Note: As this microservice utilizes a specialized Supervised Learning Model (BERT-based Classifier) rather than a Generative Large Language Model (LLM), traditional "Prompt Engineering" in the sense of crafting system instructions does not apply.

However, the "engineering" focus here lies in Input Processing and Model Selection:

  1. Input "Prompt": The "prompt" to the system is simply the raw user message: payload.text.
  2. No Instruction Needed: Unlike an LLM where I might ask "Please classify this text as toxic...", the AutoModelForSequenceClassification is architecturally designed to output a probability distribution over specific labels (TOXIC, SAFE) without needing natural language instructions.
  3. Threshold Engineering: Instead of tuning prompts, I tune the Confidence Threshold. I set a strict requirement (e.g., confidence > 0.9 or similar logic in app/main.py) to determine when an action (blocking) should be taken.

Lessons Learned & Limitations

While the system is working well, there were definitely some trade-offs I had to make:

  1. Context Blindness: The model looks at messages one by one. If someone is being harassed over a series of messages that look "safe" individually, the system might miss it. To fix this, I'd probably need a more complex system that tracks conversation history.
  2. Sarcasm is Hard: This is a classic NLP problem. If someone says "Wow, genius move" sarcastically, the model sees "genius" and marks it safe.
  3. The "Algospeak" Cat-and-Mouse Game: Users are smart; they'll use numbers for letters or weird spellings to bypass filters. My model catches some of this, but it's not perfect.
  4. False Positives: Sometimes passionate debates can get flagged. I had to tune the confidence threshold carefully to find a balance between safety and allowing free speech.

Getting Started

You can run the API locally using standard Python tools or via Docker.

Option A: Local Python (Recommended for Dev)

This method isolates dependencies in a virtual environment (.venv), keeping your system cleanβ€”just like a production server, but on your local machine.
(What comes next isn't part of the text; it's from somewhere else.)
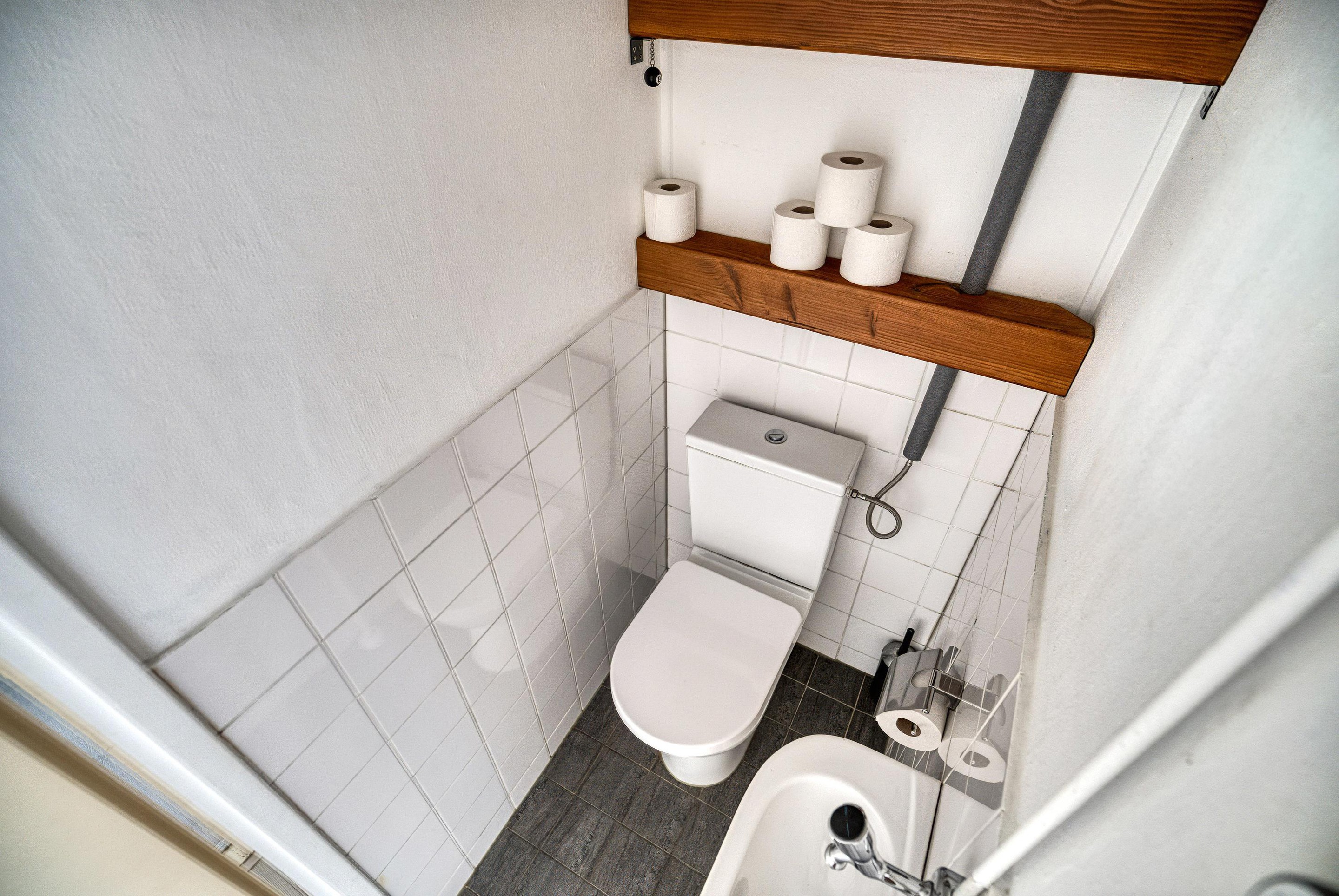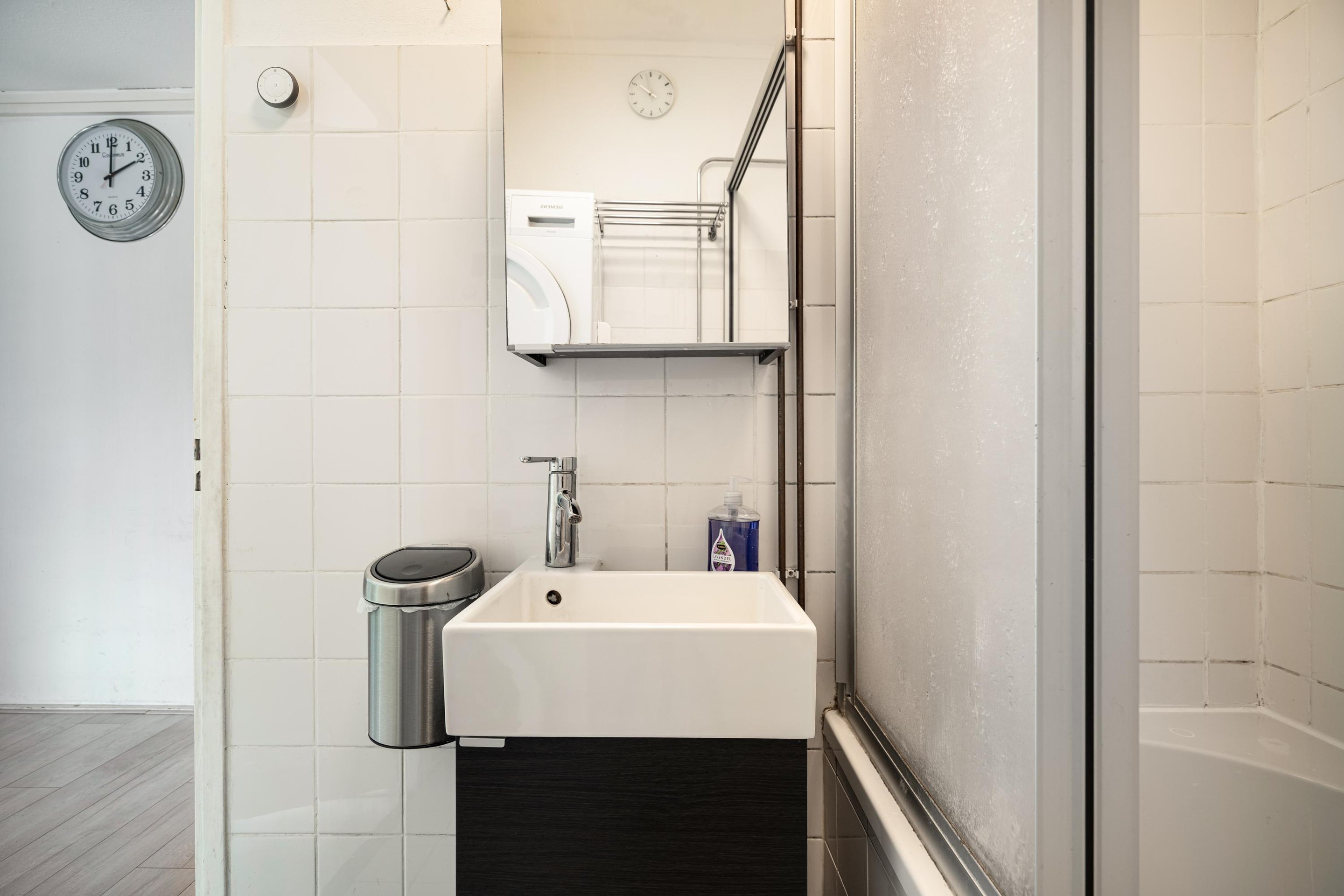 De badkamer is praktisch ingericht met een bad, wastafel en wasmachineaansluiting. Daarnaast is er een separaat toilet met fonteintje en een handige bergkast met meterkast. In de onderbouw bevindt zich een eigen berging (ca. 5 m2).

  1. Create & Activate Virtual Environment

    # Create a virtual environment
    python3 -m venv .venv
    
    # Activate it (Mac/Linux)
    source .venv/bin/activate
    
  2. Install Dependencies

    pip install -r requirements.txt
    
  3. Run the API

    uvicorn app.main:app --reload --port 8000
    
  4. Test

    curl -X POST http://localhost:8000/api/check-message \
      -H "Content-Type: application/json" \
      -d '{"text": "I love this!"}'
    

Option B: Docker (Containerized)

If you prefer not to install Python dependencies locally.

  1. Build the Image

    docker build -t nlp-backend .
    
  2. Run the Container

    docker run -p 7860:7860 nlp-backend
    

    Note: The Dockerfile uses port 7860 by default.